Die Schreibrechte sind richtig gesetzt.
Javaversion auf linux ist 1.6.0
Desktop.isDesktopSupported() gibt ein true zurück
Ein PDF Viewer ist auch installiert
Unter Windows läuft das Programm ohne Probleme
Der Dateipfad stimmt

Es gibt zahlreiche ähnliche Posts zu dem Problem leider ohne Lösung, hat vielleicht jemand eine Idee?


----------



## SlaterB (17. Sep 2009)

Witam
potrzebuje uruchomić,

Java :: chm w jar - 4programmers.net

(sieht so aus als wenn dort die Datei kopiert wird, nicht sehr praktikabel..)


----------



## Tallan (17. Sep 2009)

SlaterB hat gesagt.:


> Witam
> potrzebuje uruchomić,
> 
> Java :: chm w jar - 4programmers.net
> ...



das hab ich unter anderem auch schon gesehen, aber da wird eine File erstellt was ja sowieso der Fall ist.

Für den Moment hab ich es per
Runtime.getRuntime().exec(..); 

gelöst, was allerdings schlecht ist da man hier den namen des PDF Viewers wissen muß


----------



## Unregistriert (26. Okt 2009)

Unter KDE kann man mit kfmclient exec "pfad/datei.pdf" ein pdf öffnen. Unter Gnome gibt es den Befehl gnome-open.

Diese Befehl suchen das passende Programm und öffnen damit das Dokument


----------



## Tallan (26. Okt 2009)

Unregistriert hat gesagt.:


> Unter KDE kann man mit kfmclient exec "pfad/datei.pdf" ein pdf öffnen.
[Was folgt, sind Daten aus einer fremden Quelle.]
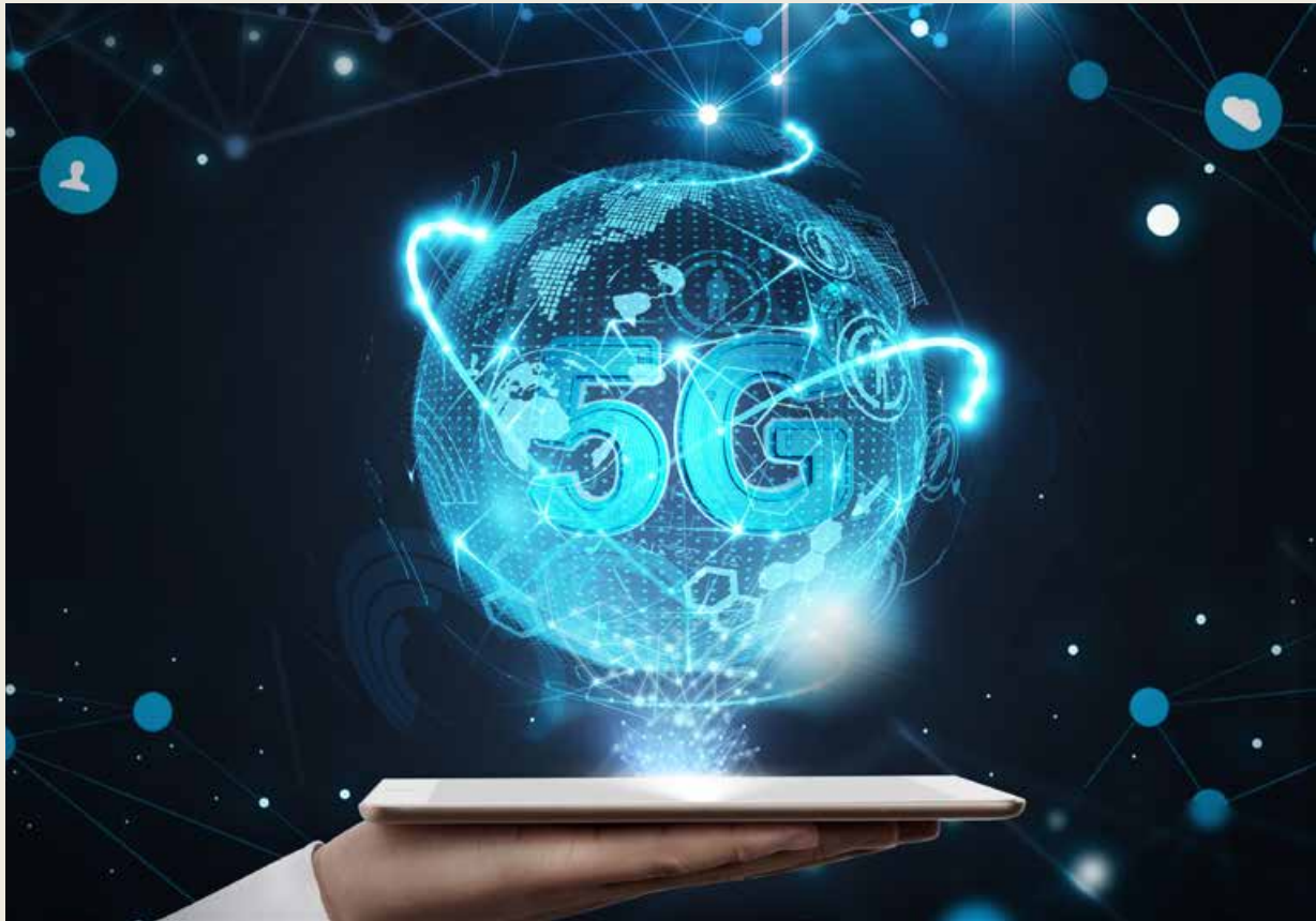
5G 网络奔腾不息的数据流，无死角覆盖了车间的生产数据采集和供应链管理，降本增效成效显著。The continuous data flow of 5G network seamlessly covers the workshop's production data collection and supply chain management, reducing costs and increasing efficiency in a significant way.
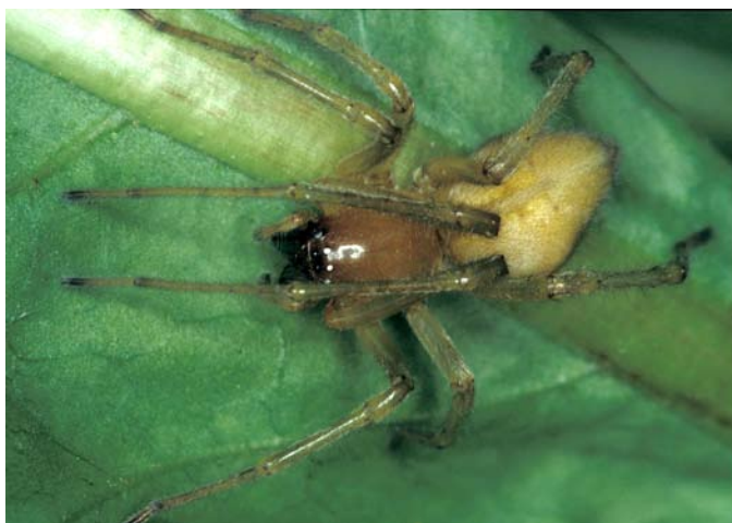
Abb. 1: Weibchen von Cheiracanthium mildei . Aufnahme aus Aurisina, Südtirol. 2.7.1993.

Die Zahl der mitteleuropäischen Spinnenarten, deren Biss beim Menschen nennenswerte Folgen verursachen kann, wird zwischen einer und sieben angegeben (SCHMIDT 1987, 1993, SACHER 1990, FOELIX 1996, LEMKE 2005). Am bekanntesten und berüchtigtsten ist zweifellos der Ammen-Dornfinger Cheiracanthium punctatorium (Villers, 1789). Seit der ersten Meldung dieser Art für Deutschland durch BERTKAU (1891), die auch gleich mit der Schilderung eines Bisses mit „ungemein heftig brennender“ Schmerzwirkung einherging, ist es nach einzelnen verbürgten Vorfällen regelmäßig zu Wellen von Panik und Hysterie gekommen, die von Pressemeldungen weiter angefacht wurden. So geriet der Dornfinger nach Bissverletzungen in Rheinhessen bereits 1979 in „bisher nicht bekanntem Maße ins Interesse der Öffentlichkeit“ (GRASSHOFF 1979). Unvergleichlich ist jedoch die Dornfinger-Hysterie in Österreich im

Unter Gnome gibt es den Befehl gnome-open.
> 
> Diese Befehl suchen das passende Programm und öffnen damit das Dokument



danke aber das geht mit "see datei" auch und das habe ich z.Z auch so gelöst wobei das eine systemspezifische lösung ist die ich vermeiden wollte


----------



## Unregistriert (27. Okt 2009)

Tallan hat gesagt.:


> danke aber das geht mit "see datei" auch und das habe ich z.Z auch so gelöst wobei das eine systemspezifische lösung ist die ich vermeiden wollte



"see" ist ja viel besser als meine zwei verschiedenen Programme. 

Unter dem aktuellen Ubuntu (8.10) geht aber die Java Methode.


----------